PROBLEM: From the first line down to the one containing "1月26日凌晨,动车组列车停靠在广州动车段的存车线上(无人机照片)。新华社记者 邓华 摄", reproduce the entries below exactly and leave out the pictures.

(DATA)

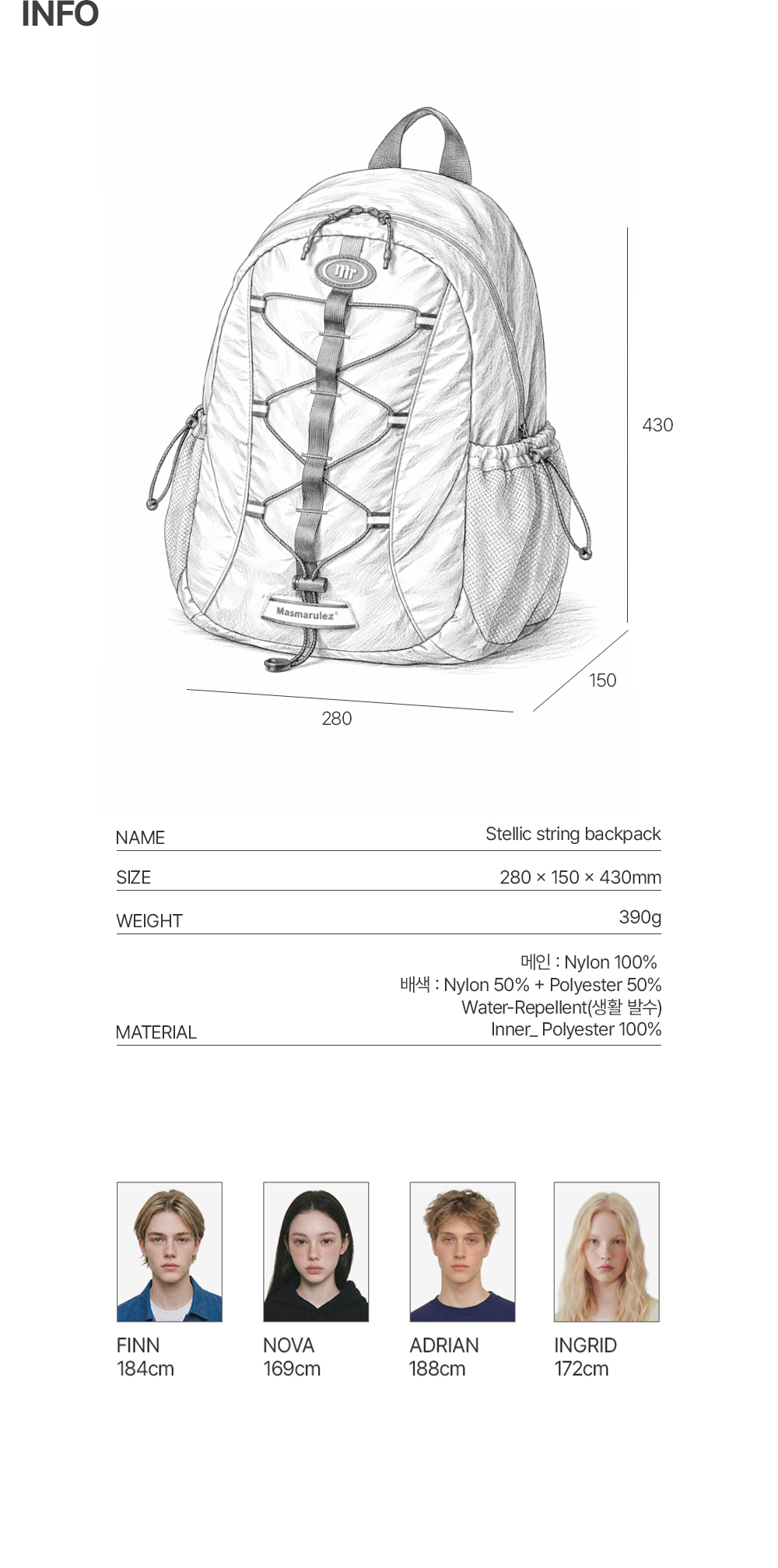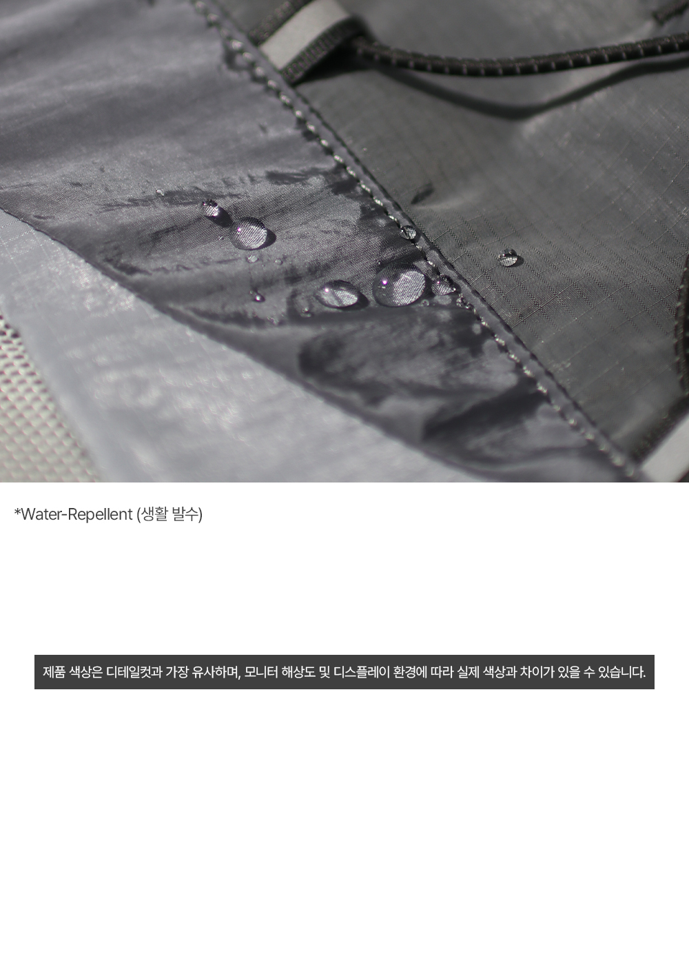 Material : [Main] Nylon 100% / [Coloring] Nylon 50% , Polyester 50% / Water-Repellent / [Inner] Polyester 100%
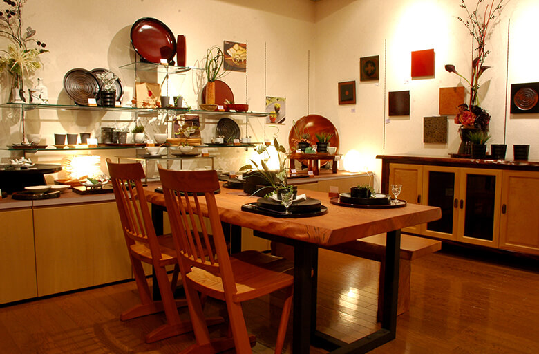 「漆器」という堅苦しくて古くさい物というイメージを持っている方にも「ふだん使いのできる木の器や家具、そして長く愛されるもの」へと思いを変化させていただけるよう、多くのアイテムをご紹介できるショールームもございます。
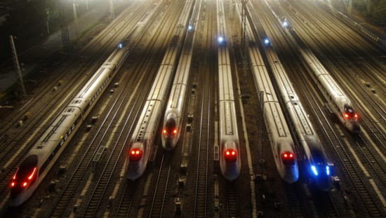 1月26日凌晨,动车组列车停靠在广州动车段的存车线上(无人机照片)。新华社记者 邓华 摄
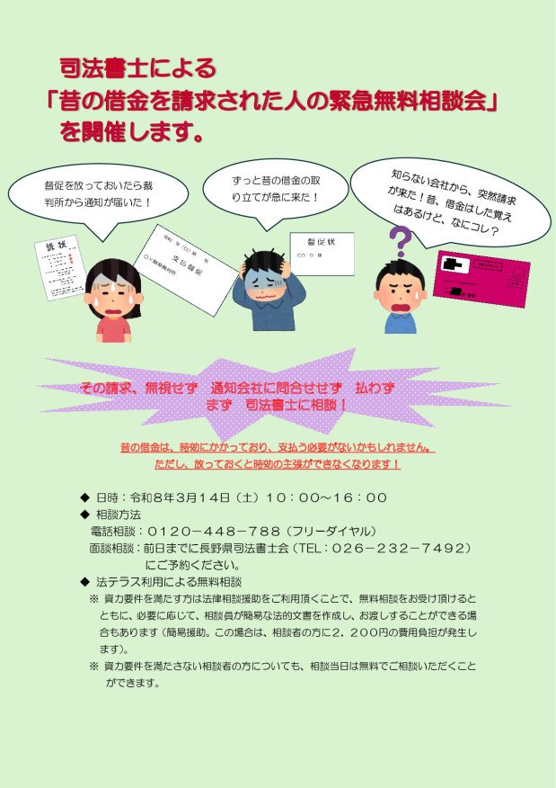 長野県司法書士会は、下記の要綱にて司法書士による借金に関する無料相談を実施いたします。
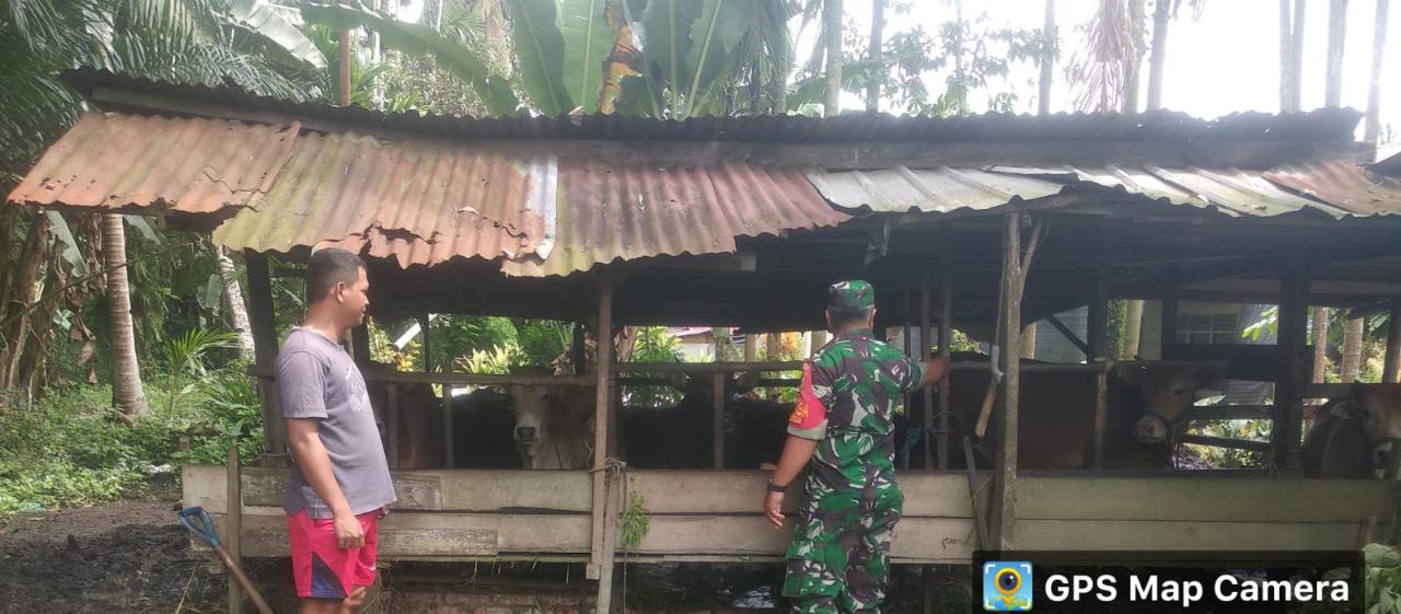 DUMAI (MR) - Babinsa Kelurahan Bagan besar Serma Zul Efendi melaksanakan pemantauan ternak untuk mencegah Penyakit Mulut dan Kuku (PMK) di salah satu peternakan milik masyarakat, (24/1).
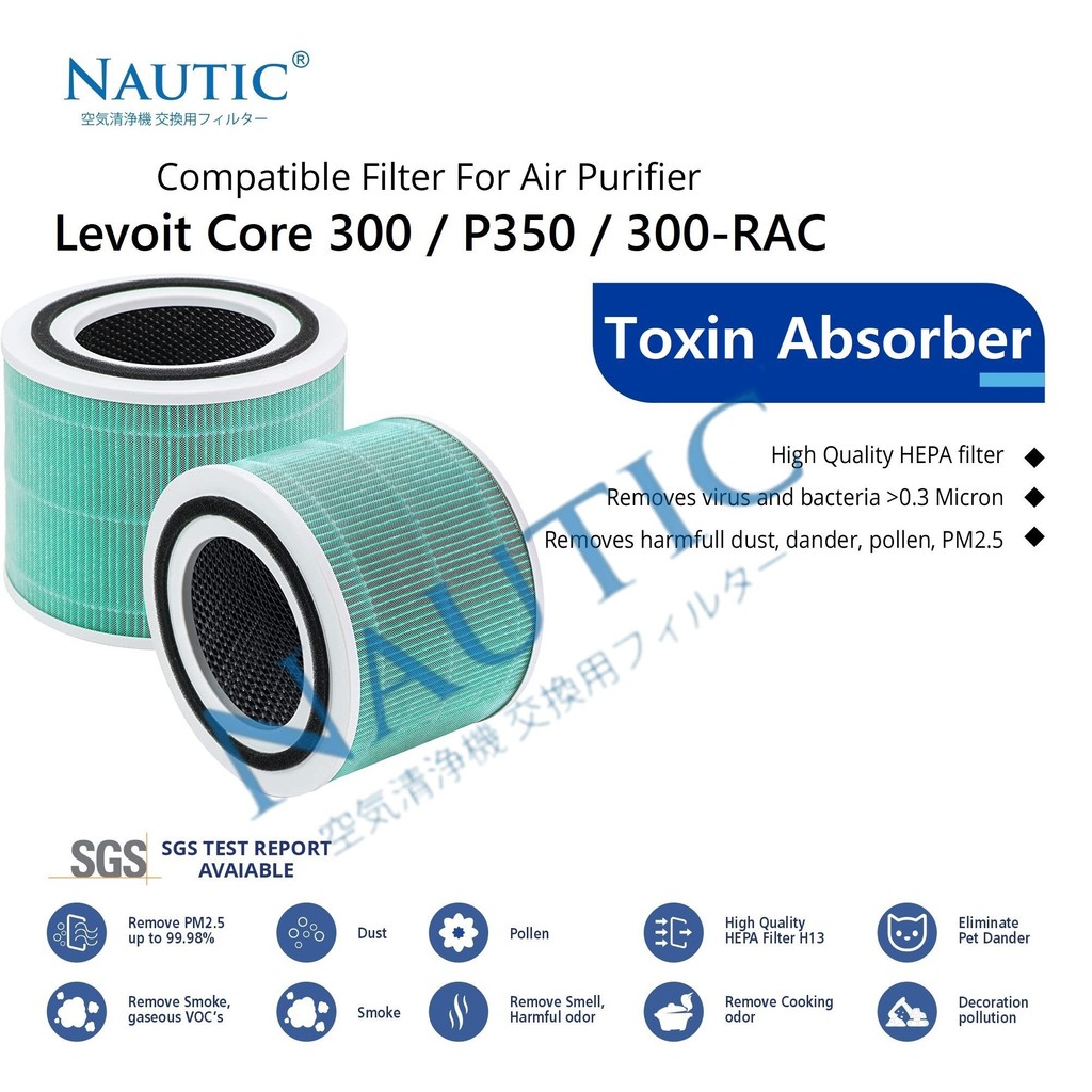 Filter Pengganti HEPA Filter untuk Air Purifier Levoit Core 300 - Toxin Absorber untuk Levoit Core P350, Core 300/300s / Filter Levoit 300s

(End DATA)

ANSWER AREA:
 Material : [Main] Nylon 100% / [Coloring] Nylon 50% , Polyester 50% / Water-Repellent / [Inner] Polyester 100%
 「漆器」という堅苦しくて古くさい物というイメージを持っている方にも「ふだん使いのできる木の器や家具、そして長く愛されるもの」へと思いを変化させていただけるよう、多くのアイテムをご紹介できるショールームもございます。
 1月26日凌晨,动车组列车停靠在广州动车段的存车线上(无人机照片)。新华社记者 邓华 摄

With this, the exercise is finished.